After some badgering he waved us to his all-terrain vehicle and we headed across Guyan and up the face of what we once called Nelly’s Branch…past the foundation of Homer Graham’s old house from the 40s, long gone except for what’s left of some grown-over foundation.
I was shocked as he attempted to scale the side of the hill – that wonderful, beautiful hill of the 60s – of blackberries, squirrels and rabbits now so thick with trees and underbrush that a rabbit couldn’t run through it. In fact, we gave up and snaked our way back down through the same tracks we made going up.
“If you want to see the valley from up high,” he said. “…let’s go across to the other side of the farm, up where the cattle are.”
There’s a gravel road that scales 300 feet to the top of a different hill above the valley, where he pastures his black cows and calves…and where exists the same paths and rocks of my youth, except they’re on the farm next door. On a brutally hot and humid day, the cows were lounging in the shade, switching their tails to fight hoards of flies. The appearance of Frank on the four-wheeler they took as a sign of food and they quickly gathered to investigate.
Farther down the hillside he showed us the rock house hollow, where as boys we played during the hot days of summer. Now 81, and hampered by the passage of time, Uncle Frank still has the same sparkle in his eyes for life’s good things, and the fruits of his labor. He was enjoying the visit, and the opportunity to be not only tour guide, but a doting uncle again.
“You know, I just turned 70, myself,” I said.
“No,” he shook his head in disbelief.
“For all these years you’ve been eleven years older than me,” I kidded him. “Now, it feels like I’m four years older than you.”
And with that sparkle…he laughed.
We shot dozens of images, and when we got down off the hill he took us to the big sweep in the road where you approach the bottom land from Scottown – where the creek snakes by Nelly’s Branch to the east, and past the homes of Tommy Null and Cline Bricker (long departed) to the west. When you make the big turn around the hill the Fulks family farm opens up to a vista unlike most any you can find in southern Ohio, framed by the ‘mighty’ Guyan on one side, and the hills in the background.

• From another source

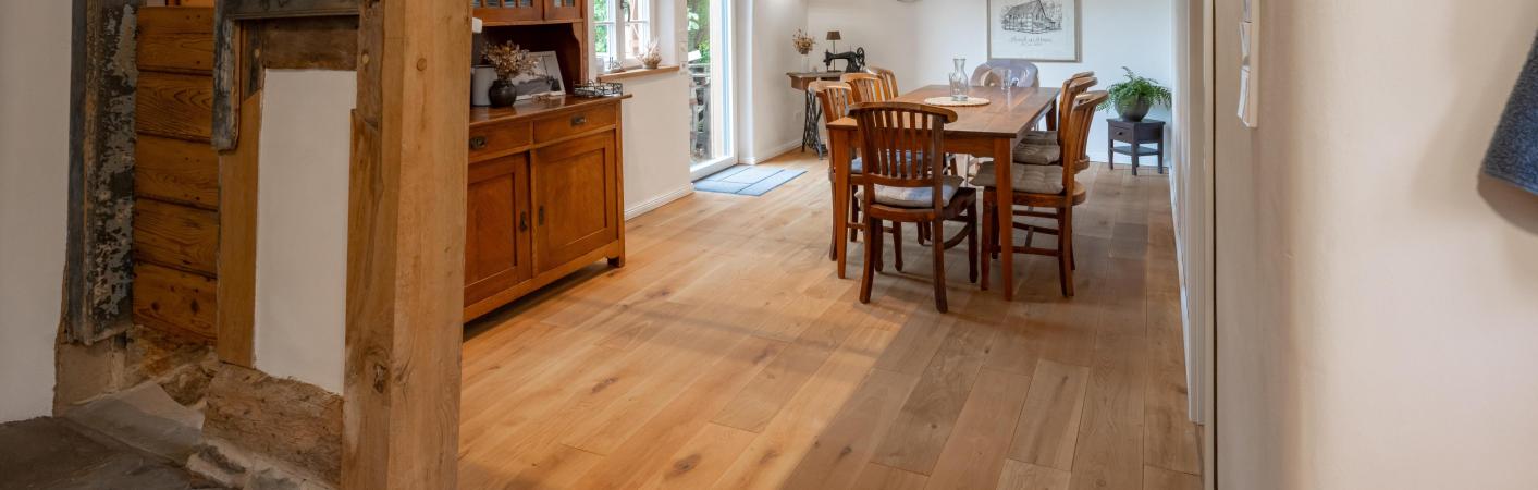 Unsere Massivholzdielen und Fertigparkettböden sprechen für sich selbst durch ihre Robustheit und Langlebigkeit. Sie verbinden auf eindrucksvolle Weise natürliche Schönheit mit zeitloser Eleganz. Dadurch verleihen sie jedem Raum eine besondere Atmosphäre, die zum Verweilen einlädt.

Done with the tour, I felt old, and a little naive. How could so much have changed in the short span of just fifty years, I asked? Uncle Frank shook his head, amazed perhaps, that I even made it this far.
But more likely, he had his own moment of appreciation for time, and reality.
The original home of N.D. and Sylvia burned years ago. The original barn was torn down because of decay, replaced by a different, more efficient structure. There are no longer cows to milk, just the Simmentals on top of the hill.
“You know,” he said with satisfaction, “I didn’t get my yard mowed today.”
“And mowing the hillside across the road is out of the question, you think?” I joked, shaking my head, sad to the reality.
Uncle Frank nodded, and just smiled. Of boys who grow old, time and loss, and the inevitable pain…of coming home.